The debate over the validity of using informative priors has been such that Walters and Ludwig (1994) recommended that non-informative priors be used as a default in Bayesian stock assessments. However, besides disagreeing with Walters and Ludwig, Punt and Hilborn (1997) highlighted a problem with our ability to generate non-informative priors (Box and Tiao, 1973). One problem with generating non-informative priors is that they are sensitive to the particular measurement system (Figure(4.24)). Thus, a prior probability density that is uniform on a linear scale will not represent a uniform density on a log scale.
# can prior probabilities ever be uniniformative? Figure 4.24
x <- 1:1000
y <- rep(1/1000,1000)
cumy <- cumsum(y)
group <- sort(rep(c(1:50),20))
xlab <- seq(10,990,20)
par(mfrow=c(2,1),mai=c(0.45,0.3,0.05,0.05),oma=c(0.0,1.0,0.0,0.0))
par(cex=0.75, mgp=c(1.35,0.35,0), font.axis=7,font=7,font.lab=7)
yval <- tapply(y,group,sum)
plot(x,cumy,type="p",pch=16,cex=0.5,panel.first=grid(),
xlim=c(0,1000),ylim=c(0,1),ylab="",xlab="Linear Scale")
plot(log(x),cumy,type="p",pch=16,cex=0.5,panel.first=grid(),
xlim=c(0,7),xlab="Logarithmic Scale",ylab="")
mtext("Cumulative Probability",side=2,outer=TRUE,cex=0.9,font=7)
As fisheries models tend to be full of nonlinear relationships, the use of non-informative priors is controversial because a prior that is non-informative with respect to some parameters will most likely be informative toward others. While such influences may be unintentional, they cannot be ignored. The implication is that information may be included into a model in a completely unintentional manner, which is one source of controversy when discussing prior probabilities. If priors are to be used, then Punt and Hilborn’s (1997) exhortation to fully document their origin and properties is extremely sensible advice. We will examine the use of Bayesian methods in much more detail in the chapter On Uncertainty.
4.14 Concluding Remarks
The optimum method to use in any analytical situation depends largely on the objectives of the analysis. If all one wants to do is to find the optimum fit to a model, then it does not really matter whether one uses least squares, maximum likelihood, or Bayesian methods. Sometimes it can be easier to fit a model using least squares and then progress to using likelihoods or Bayesian methods to create confidence intervals and risk assessments.

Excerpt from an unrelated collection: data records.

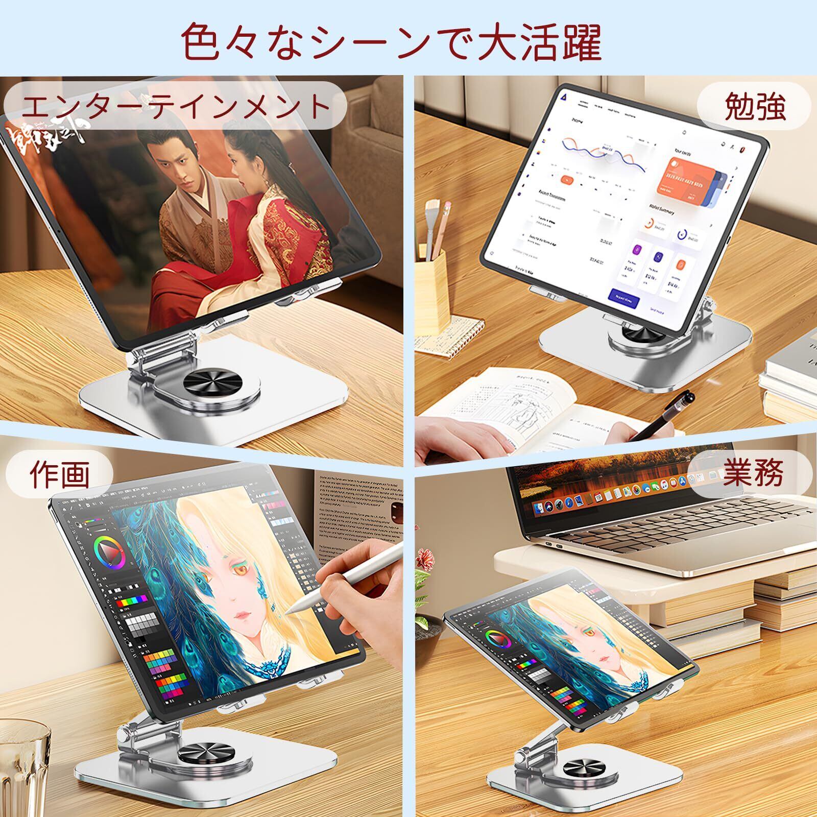 【人間工学】人間工学設計に基づき、このタブレットスタンドは360度回転できます。タブレットスタンドは大幅な角度調整が可能です。映画やビデオを見る際に最適な角度に調整し、快適な視聴体験を提供します。角度を無段階に調整できますので、猫背や腰のたるみなどの悪い癖の改善に役立ちます。
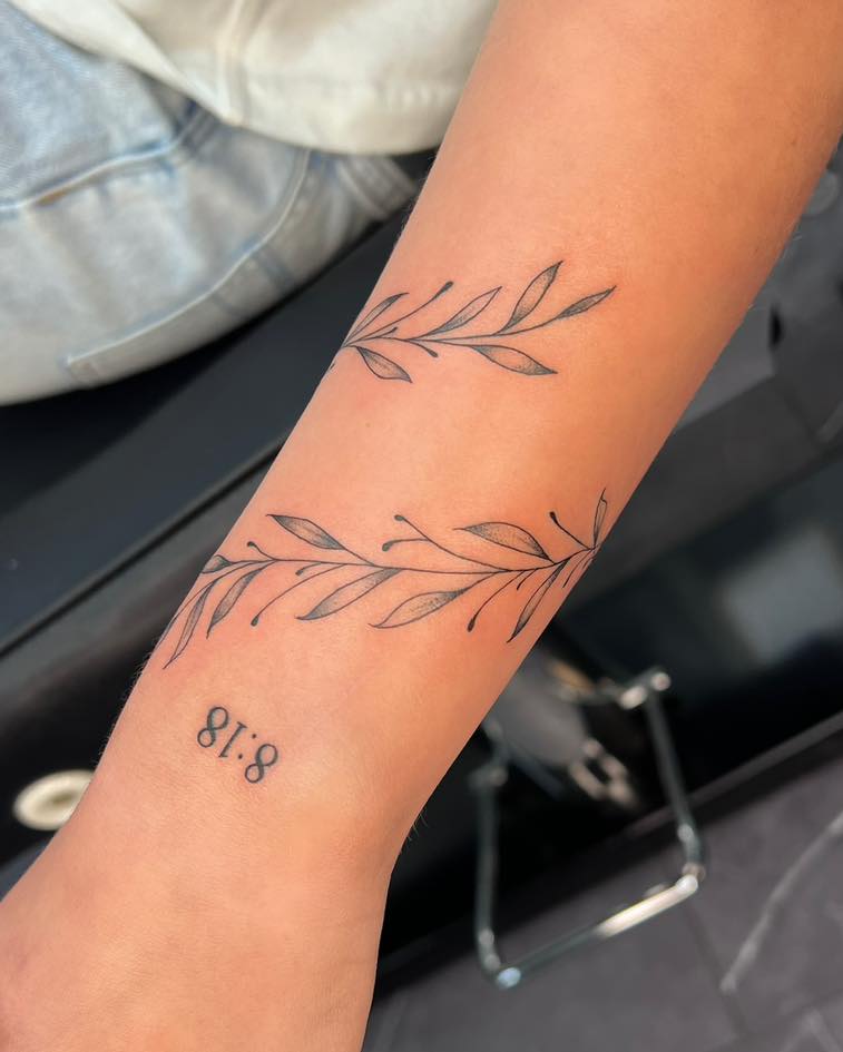 The tattoo features a delicate curved floral design intertwined with slender leaves, creating a graceful flow along the arm.
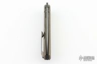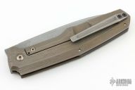 This framelock was designed by Philippe Jourget and manufactured by CKF. This knife features an acid etched finished drop point blade with a notched thumb rest. The handle has a groot finished titanium frame with a titanium backspacer and tip up pocket clip.  Includes a COA and a padded zippered case.  S/N 254. Dated 08/21.  Has been customized by Serpant Run Customs.Excellent Condition.
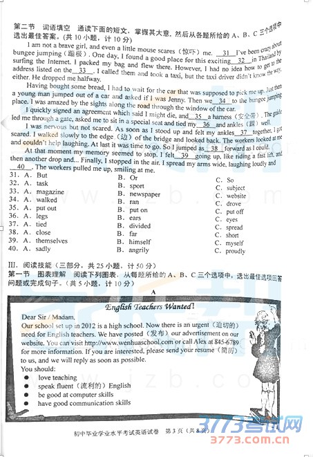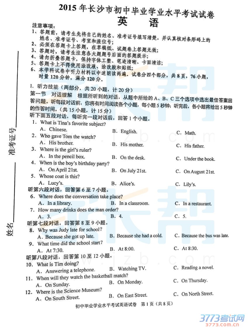 公布长沙中考试题、答案和中考作文。祝各位考生都能取得好的成绩。2015长沙中考英语试题(图片版):
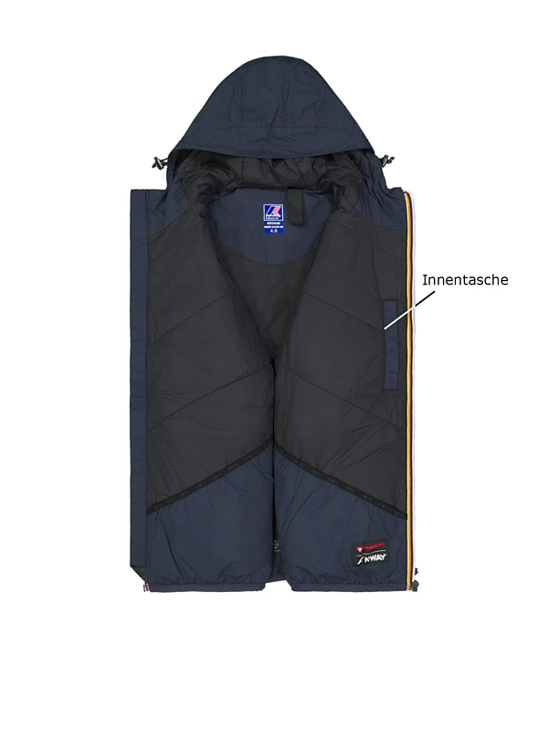Das satte Marineblau verleiht dieser technischen Jacke urbane Eleganz, während die kompakte Silhouette für klare Linien sorgt. Das recycelte Polyamid fühlt sich leicht an und bietet dank versiegelter Nähte zuverlässigen Schutz vor Wind und Nässe. Die durchdachte Ausstattung mit verdeckten Reißverschlusstaschen und regulierbarem Saum macht sie zum idealen Begleiter für wechselhafte Herbsttage. Die wärmende Wattierung und das aufgedruckte Adressenfeld in der Innentasche zeigen die typische K-Way-Liebe zum funktionalen Detail.
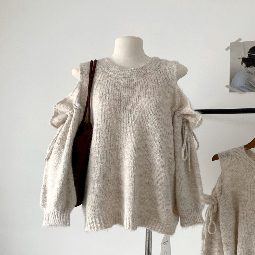 • 제품명: 오프숄더 드로스트링 루즈핏 울혼방 니트
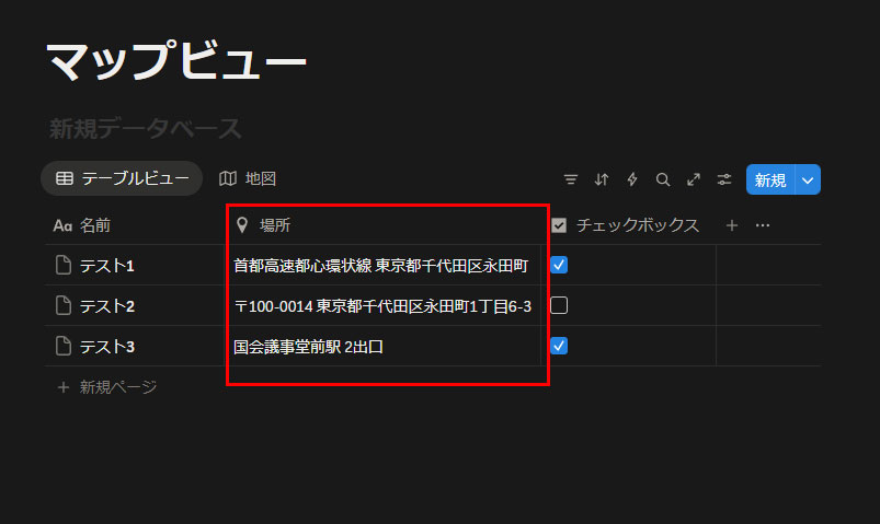 この「場所」プロパティを持っていないデータ(ページ)はマップビューでは表示できません。
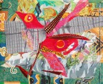 Het werk is niet een directe weergave van de realiteit. Ik zoek naar textiele materialen met de juiste kleuren en motieven, knip en scheur die in geschikte vormen en bevestig die met borduursel op de ondergrond. Het geheel is op houten panelen geplakt en daarna met olieverf bewerkt.

Confidence intervals around model parameters and outputs can be generated using traditional asymptotic methods (guaranteed symmetric and, with strongly nonlinear models, only roughly approximate), using likelihood profiles or by integrating Bayesian posteriors (the two are obviously strongly related), or one can use bootstrapping or Monte Carlo techniques.
It is not the case that the more detailed areas of assessing the relative risks of alternative management options are only possible using Bayesian methods. Bootstrapping and Monte Carlo methods provide the necessary tools with which to conduct such work. The primary concern should be to define the objective of the analysis. However, it would be bad practice to fit a model and not give some idea of the uncertainty surrounding each parameter and the sensitivity of the model’s dynamics of the various input parameters.
Because there is no clear winner among the methodological approaches, if one has the time, it is a reasonable idea to use more than one approach (especially a comparison of likelihood profiles, Bayesian posteriors, and bootstrapping). Whether it is possible to have sufficient resources to enable a resource modeller the time to conduct such an array of analyses is a different but equally real problem. If significant differences are found, then it would be well to investigate the reasons behind them. If different procedures suggest significantly different answers, it could be that too much is being asked of the available data and different analyses would be warranted.